# Numerical Integration

Numerical Integration is a family of algorithms used to compute the numerical value of definite integrals. 

In statistics, we are often required to compute the integral of univariate and multivariate functions. However, an analytical closed form solution is not always available, due to the form of the intagrand or the shape of of the domain of integration. In these cases, we resort to numerical integration.

In [2]:
import numpy as np

### The Riemann Rule

The Riemann Rule is a very simple method to compute definite integrals in which we divide the integration interval into n equally spaced sub-intervals, and approximate the integral of each sub-interval as the area of a rectangle with length $(x_{i+1} - x_{i})$ and height $f(x_i)$. Finally, to obtain the integral we sum the areas of the sub-intervals.

In [25]:
def f(x):
    return x**3

def analytical_solution(a, b):
    """
    analytical solution of f(x) used to test numerical integration functions
    """
    return (b**4 / 4) - (a**4 / 4)
    
def riemann_rule(f, a, b, n):
    """
    :param f: the function for which we want to compute the integral
    :param a: integration lower bound
    :param b: integration upper bound
    :param n: number of equally spaced sub-intervals
    """
    
    length = (b - a) / n
    subintervals = np.linspace(a, b, n, endpoint=False)
    integral = 0
    
    for x in subintervals:
        integral += length * f(x)
    
    return integral

print('Closed form solution:', analytical_solution(2,10))   
print('Riemann rule approximation:', riemann_rule(f, 2, 10, 1000000))

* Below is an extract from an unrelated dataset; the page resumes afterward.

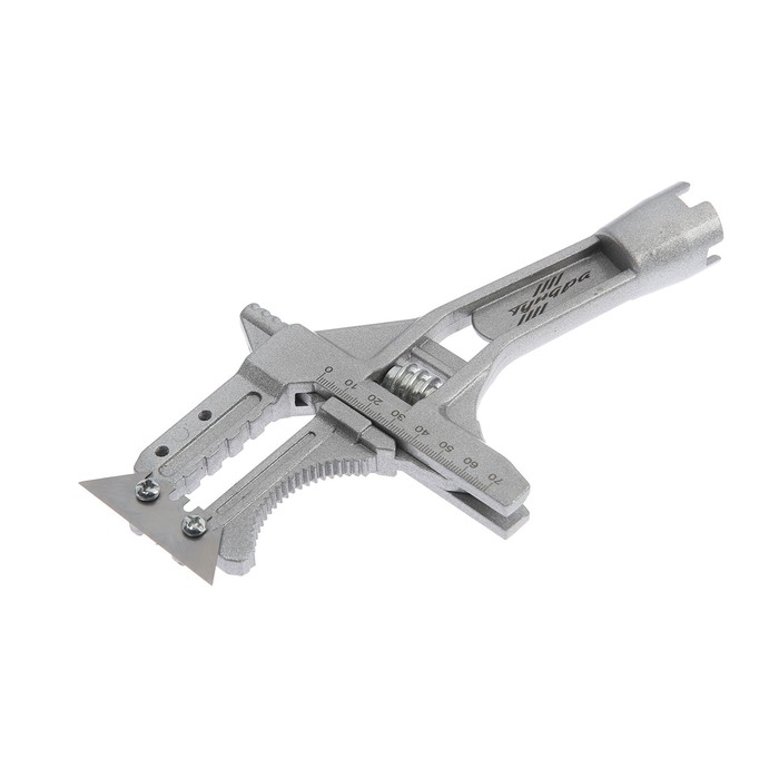 Инструмент оснащён дополнительной функцией в виде съёмных лезвий, благодаря которым увеличиваются возможности работы с ключом. Лезвия можно применять в виде ножа или скребка.

Closed form solution: 2496.0
Riemann rule approximation: 2495.9960320016153


The approximation provided by the Riemann Rule is good as n increases, but convergence can be very slow. We will now replace the constant approximation of $f(x)$ as a polynomial approximation.

### Trapezoidal Rule

The Trapezoidal rule works again by dividing the integration interval into n equally spaced sub-intervals. but this time we approximate the integral of each sub-interval as the area of a trapezoid, that is as $(x_{i+1} - x_i) / 2 \cdot (f(x_i) + f(x_{i+1})$. To obtain the integral, we then sum the areas of all the trapezoids.

In [28]:
def trapezoidal_rule(f, a, b, n):
    """
    :param f: the function for which we want to compute the integral
    :param a: integration lower bound
    :param b: integration upper bound
    :param n: number of equally spaced sub-intervals
    """
    
    length = (b - a) / n
    subintervals = np.linspace(a, b, n + 1)  # this time we use n+1 because we need the upper bound b
    integral = 0
    
    for i in range(n):
        integral += length * (f(x[i]) + f(x[i+1])) / 2
    
    return integral

print('Closed form solution:', analytical_solution(2,10))   
print('Trapezoidal rule approximation:', riemann_rule(f, 2, 10, 1000000))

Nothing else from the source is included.